I wasn’t the one who brought her paintings home and passed them off like a customer had given them to me and proceeded to hang them up in my office.

And I for damn sure wasn’t the one who fell into the arms of another without telling my other half I was feeling ignored, lonely, and desperate.

No, I was at home holding our family together, working my ass off, making his favorite meals, and washing his underwear. I was carrying on with my life thinking we were just going through a bit of a rough patch, and I still loved being married to him.

I was not there; he was there. He did this. I had nothing to do with this betrayal of trust, and now that I see it for what it actually is, I’m back. And I feel better than ever.

The day I realized his choices were solely about him and not me, I felt like I’d lost 180 pounds. And I did — because I decided he had to go.

After smashing all the damn paintings he brought home and finally ending our 15-year marriage, I’ve let go of my feelings of worthlessness. This affair, this horrible thing that happened, is not my fault. It will not define me any longer.

Looking back now, it has made me stronger. It has brought me closer to myself. I let go of it all, and I don’t just mean I forgave myself. I forgave him too. I cannot move forward with what this wonderful life has in store for me if I am still mad and angry with him for what he did to us. Being angry with him was only holding me back. He had already moved on.

I am not without fault in our marriage. I was not perfect, but I never looked to anyone or anything else to replace his companionship. I thought he and I would be forever, that we would work through challenges and come out the other side — together.

And the fact it wasn’t enough for him made me feel like I wasn’t enough for anyone. And that is bullshit.
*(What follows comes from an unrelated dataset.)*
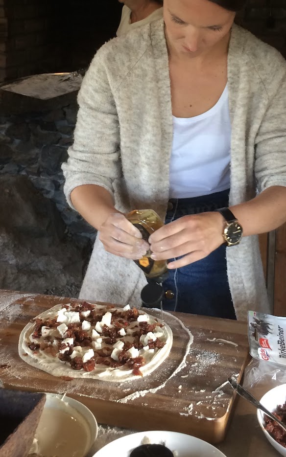 Valgfri pizzabunn til langpanne, 1 pk. Snøfrisk, 4 ss Creme fraiche,1 rød chili, en halv rødløk, 4 ss soltørket tomat, 1 fersk mozzarella, spekeskinke, pinjekjerner, honning, ruccola, salt og pepper etter smak.

Listen to me, please: If your partner steps out on your relationship and betrays your trust, never put yourself through the shit I did. I don’t care if you stay or you go — the choice is yours — but know it’s never your fault when another person decides to be unfaithful. Don’t spend years shaming and blaming yourself like I did. You can’t get those years back and you’ll regret it later, trust me. You are not there forcing them to be intimate with someone else, whether it’s emotional infidelity or a full-fledged affair. Their choices are their choices, not yours.

It’s not because you aren’t enough. It’s because they aren’t.